*** EXTRACTED RECORDS

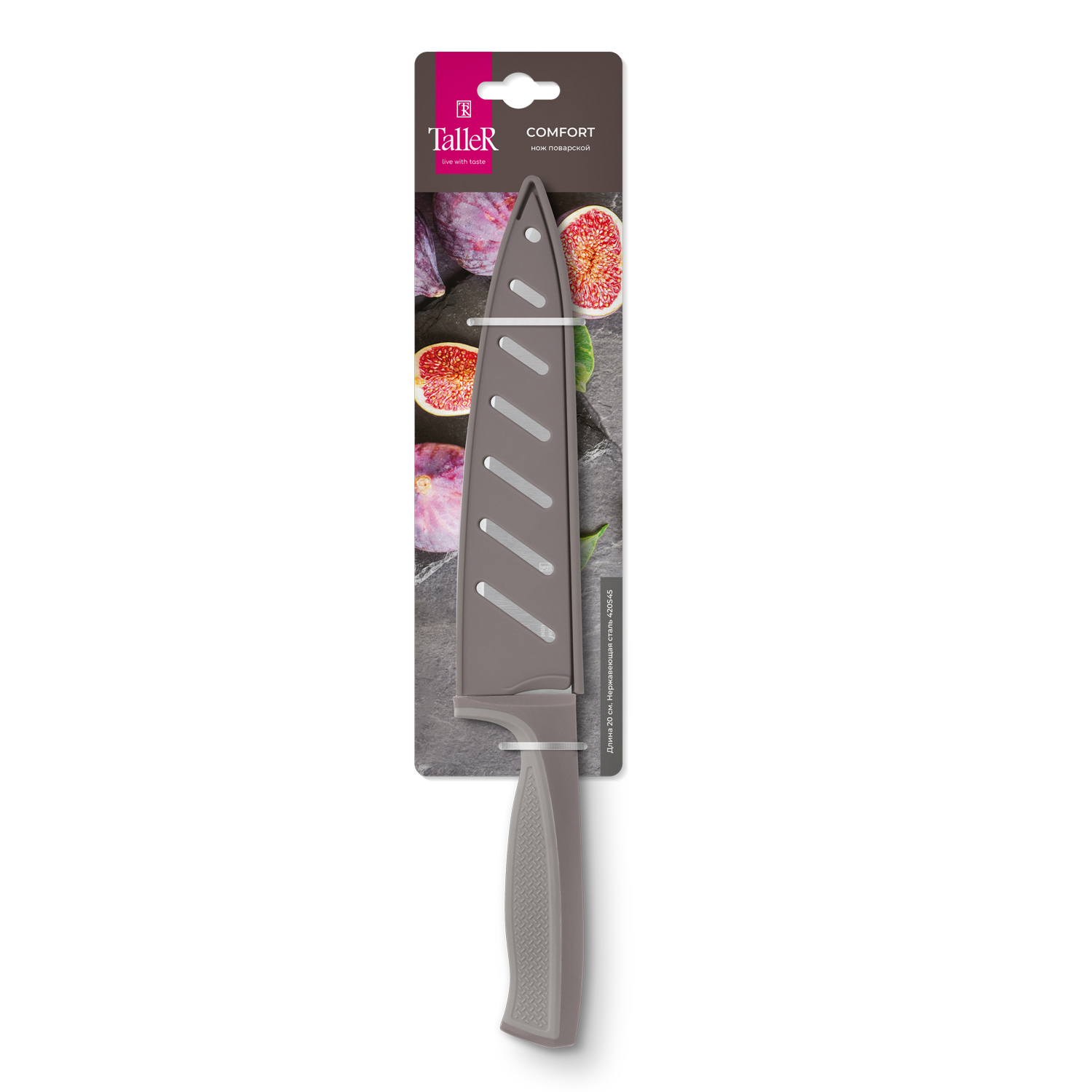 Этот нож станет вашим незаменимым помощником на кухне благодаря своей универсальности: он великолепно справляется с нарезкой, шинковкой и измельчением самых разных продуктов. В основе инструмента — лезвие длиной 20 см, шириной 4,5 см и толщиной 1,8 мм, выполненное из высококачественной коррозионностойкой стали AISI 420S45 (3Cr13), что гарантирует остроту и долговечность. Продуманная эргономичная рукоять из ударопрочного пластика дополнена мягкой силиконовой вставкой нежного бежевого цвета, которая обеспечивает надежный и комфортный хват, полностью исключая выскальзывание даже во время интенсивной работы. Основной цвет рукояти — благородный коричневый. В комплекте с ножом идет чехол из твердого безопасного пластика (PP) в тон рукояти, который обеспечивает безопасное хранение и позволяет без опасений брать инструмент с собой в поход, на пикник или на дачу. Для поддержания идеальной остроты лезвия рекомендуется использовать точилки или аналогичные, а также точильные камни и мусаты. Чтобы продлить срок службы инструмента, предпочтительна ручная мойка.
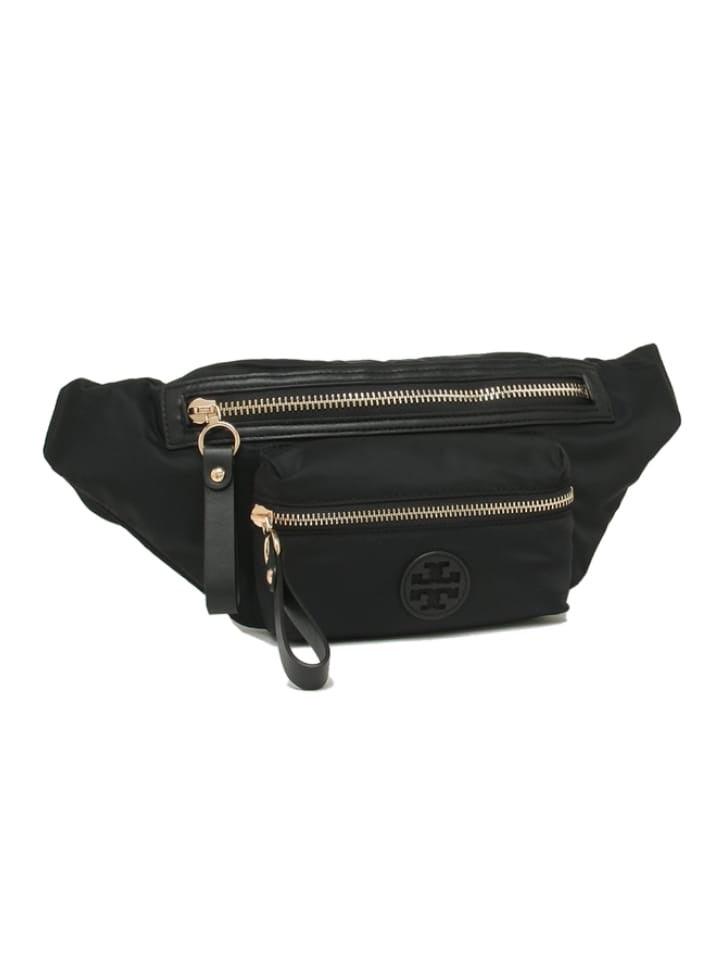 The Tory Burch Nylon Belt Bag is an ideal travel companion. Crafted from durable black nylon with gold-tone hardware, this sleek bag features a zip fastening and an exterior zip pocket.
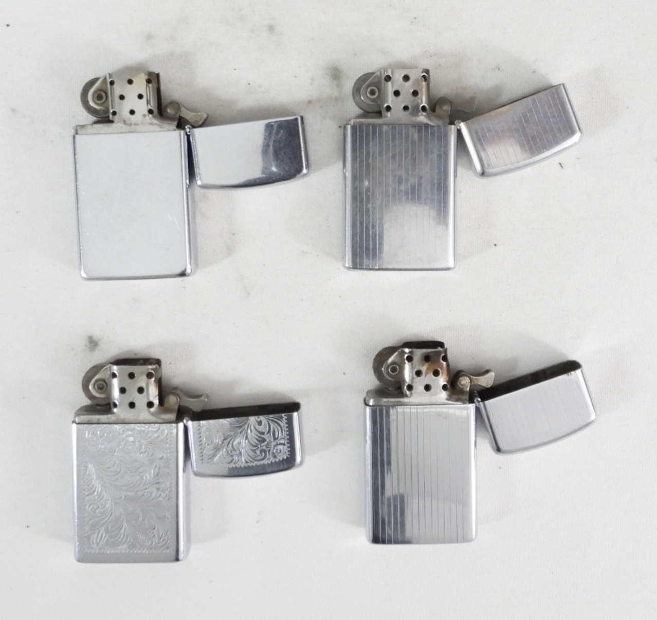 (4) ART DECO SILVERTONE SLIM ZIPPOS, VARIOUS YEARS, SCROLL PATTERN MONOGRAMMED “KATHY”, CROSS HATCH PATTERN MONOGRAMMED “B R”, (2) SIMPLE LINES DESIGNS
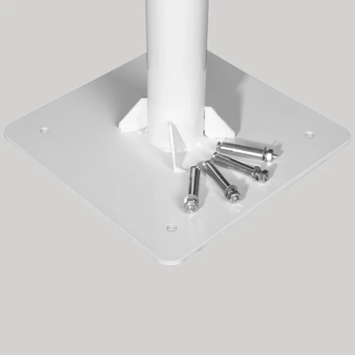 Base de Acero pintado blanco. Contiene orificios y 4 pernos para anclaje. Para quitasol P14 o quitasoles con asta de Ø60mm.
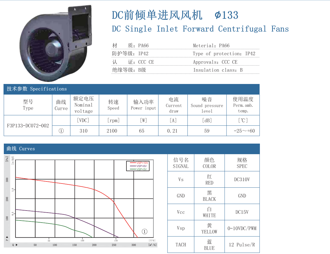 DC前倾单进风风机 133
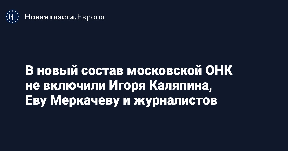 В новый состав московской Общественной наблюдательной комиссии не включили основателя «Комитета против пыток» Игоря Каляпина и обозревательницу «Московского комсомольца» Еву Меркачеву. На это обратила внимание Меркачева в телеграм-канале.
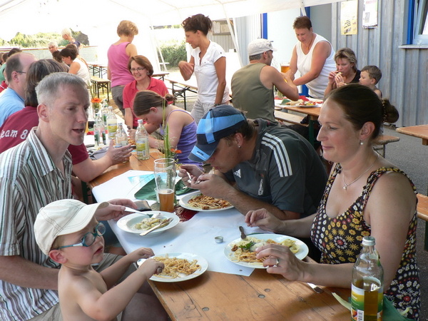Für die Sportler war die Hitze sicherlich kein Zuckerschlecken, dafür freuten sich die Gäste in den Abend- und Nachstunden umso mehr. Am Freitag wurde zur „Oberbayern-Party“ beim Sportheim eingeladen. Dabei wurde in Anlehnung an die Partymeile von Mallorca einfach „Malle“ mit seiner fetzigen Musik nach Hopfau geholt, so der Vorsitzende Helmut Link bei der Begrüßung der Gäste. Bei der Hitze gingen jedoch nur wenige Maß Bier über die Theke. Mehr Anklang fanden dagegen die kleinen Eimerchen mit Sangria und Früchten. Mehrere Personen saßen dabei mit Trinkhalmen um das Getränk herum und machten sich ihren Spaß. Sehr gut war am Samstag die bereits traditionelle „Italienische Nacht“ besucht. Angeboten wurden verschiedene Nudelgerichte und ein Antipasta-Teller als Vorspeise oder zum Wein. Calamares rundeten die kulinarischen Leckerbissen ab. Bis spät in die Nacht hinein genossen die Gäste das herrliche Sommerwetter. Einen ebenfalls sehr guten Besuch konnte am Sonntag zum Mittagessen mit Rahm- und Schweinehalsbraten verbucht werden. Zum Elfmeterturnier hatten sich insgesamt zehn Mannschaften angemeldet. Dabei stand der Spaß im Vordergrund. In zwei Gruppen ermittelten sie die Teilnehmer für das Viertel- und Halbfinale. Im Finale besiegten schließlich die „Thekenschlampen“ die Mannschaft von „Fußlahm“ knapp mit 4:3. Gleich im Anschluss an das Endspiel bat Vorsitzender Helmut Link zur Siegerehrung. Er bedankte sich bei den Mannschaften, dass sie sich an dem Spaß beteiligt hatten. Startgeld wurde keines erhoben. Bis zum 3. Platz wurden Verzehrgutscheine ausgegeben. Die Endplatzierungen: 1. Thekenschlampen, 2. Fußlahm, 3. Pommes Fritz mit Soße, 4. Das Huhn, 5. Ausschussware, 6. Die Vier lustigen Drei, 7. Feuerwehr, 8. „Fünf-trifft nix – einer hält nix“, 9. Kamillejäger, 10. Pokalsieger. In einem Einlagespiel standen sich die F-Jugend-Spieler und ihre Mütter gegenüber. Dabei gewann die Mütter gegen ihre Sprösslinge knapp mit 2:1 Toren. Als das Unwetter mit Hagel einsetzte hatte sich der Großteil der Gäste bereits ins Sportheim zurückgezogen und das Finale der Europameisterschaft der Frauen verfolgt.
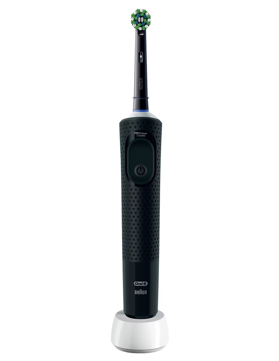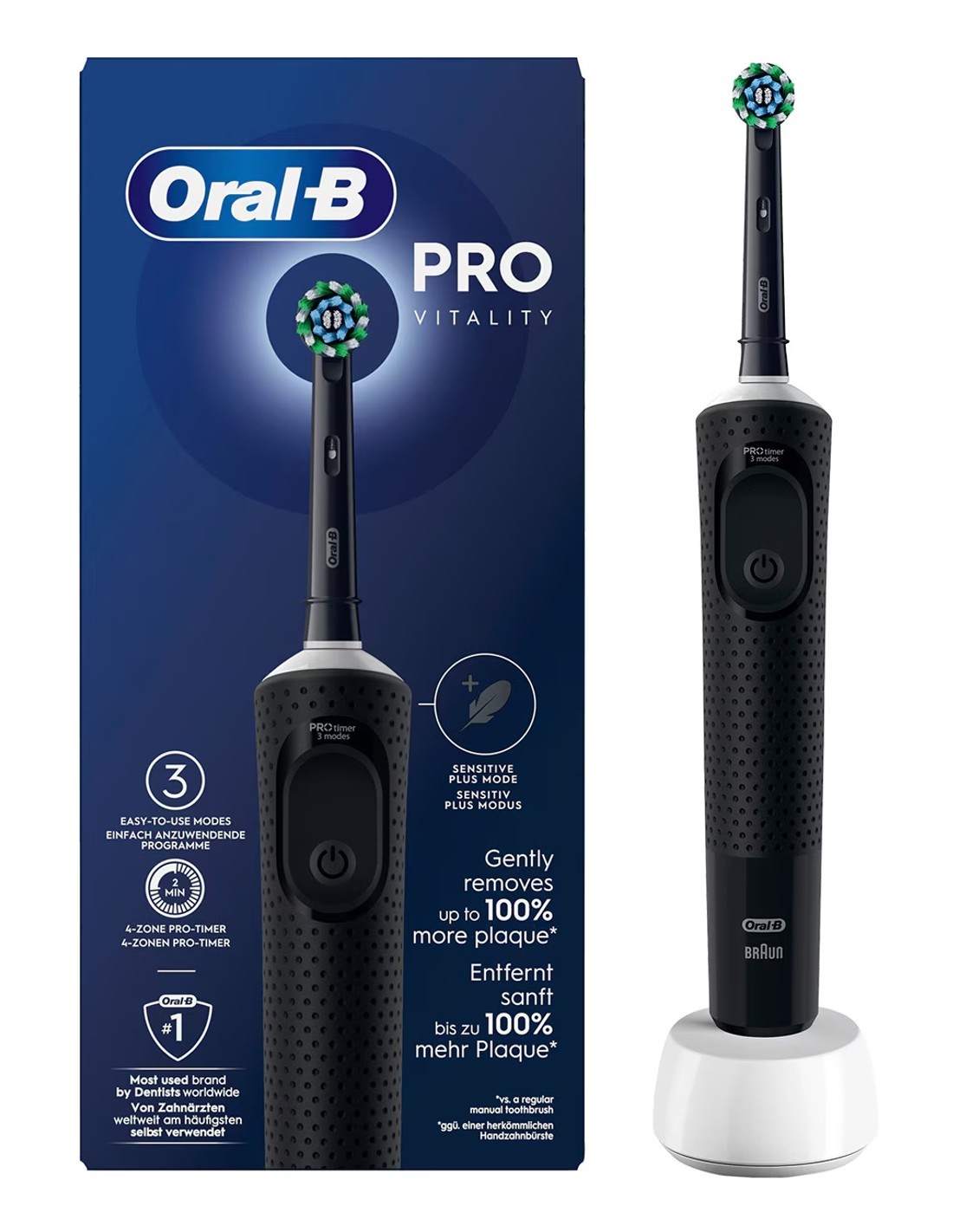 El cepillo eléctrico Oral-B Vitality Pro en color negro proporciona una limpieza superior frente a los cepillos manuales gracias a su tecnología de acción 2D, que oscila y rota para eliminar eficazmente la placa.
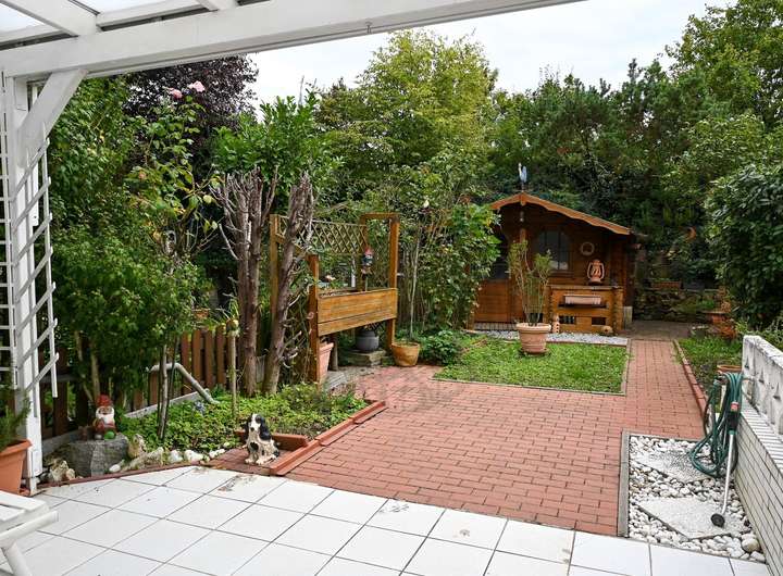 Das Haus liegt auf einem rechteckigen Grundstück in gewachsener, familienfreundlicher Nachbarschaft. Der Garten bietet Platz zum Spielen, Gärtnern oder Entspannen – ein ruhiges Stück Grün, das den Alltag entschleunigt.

******

EXERCISE PROMPT
The stretch above running from the line with "DC前倾单进风风机 133" through the line with "В новый состав" is all you should copy, exactly, leaving out the pictures.

THE COMPLETED TASK
 DC前倾单进风风机 133
 В новый состав московской Общественной наблюдательной комиссии не включили основателя «Комитета против пыток» Игоря Каляпина и обозревательницу «Московского комсомольца» Еву Меркачеву. На это обратила внимание Меркачева в телеграм-канале.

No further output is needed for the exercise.